South Africa in November 2017 gave a year’s notice of its intention to terminate the 1964 pact opting for the Southern African Development Community (Sadc) Trade Protocol on Trade.
But ZCMA chairperson Jeremy Youmans told NewsDay that the issue had not been settled.
“It is our understanding that South Africa postponed the meeting to January and so the matter has not yet be concluded. We are pursuing this with the Ministry of Foreign Affairs and International Trade and the Ministry of Industry and Commerce,” he said.
For South Africa, the Sadc Trade Protocol on Trade is more comprehensive, but for Zimbabwe — which in 2016 imposed a ban on a wide range of South African imports under Statutory Instrument 64 — the deal means Harare stands to lose its preferential access to Pretoria.
The bilateral agreement in question favoured Zimbabwean exports of clothing and textiles due to relaxed rules of origin of “single transformation” compared to “double transformation” under the Sadc Trade Protocol on Trade.

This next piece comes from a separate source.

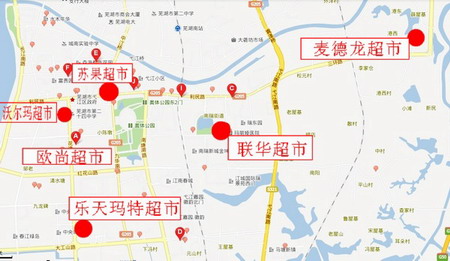 目前,城南共有五大超市,分別是華潤蘇果超市、沃爾瑪超市、歐尚超市、樂天瑪特超市以及聯(lián)華超市。這五大超市間的距離非常近,最遠的距離不足3公里, 最近的有半公里。其中,僅花津南路上就有三家超市,從北到南有沃爾瑪超市、歐尚超市、樂天瑪特超市,每個超市之間的間隔不到3公里。而另外兩個超市華潤蘇果超市和聯(lián)華超市則分布在奧體公園的兩側(cè)。

The prior arrangement allowed local clothing makers to import fabrics from foreign markets, especially Asian suppliers such as China, India and Bangladesh, to produce finished clothing items, and then re-export to South Africa under favourable terms.
Under the Sadc protocol, however, there is the double-transformation rule, which requires that the fabric should be produced in Zimbabwe or within Sadc.
“The impact on the industry will be significant as South Africa has always resisted liberalising the rules of origin for the Sadc Trade Protocol. The bi-lateral trade agreement had preferential terms to Sadc, which requires garments to be made from regional fabric to allow for preferential access,” Youmans said.
“The problem is that while there are suppliers of certain fabrics in the region, they are not sufficient to meet the demands of all manufacturers in quantity and fabric type. So the loss of the BTA would severely restrict the ability of many clothing manufacturers to export to South Africa. We really need this resolved,” he said.
According to Trademap, Zimbabwe’s clothing and textile exports to Sadc increased from US$5,7 million in 2013 to US$9,6 million in 2016. More than 70% of Zimbabwe’s clothing and textile products are destined for the South African market.
The exports primarily consist of products that qualify under the Sadc rules of origin.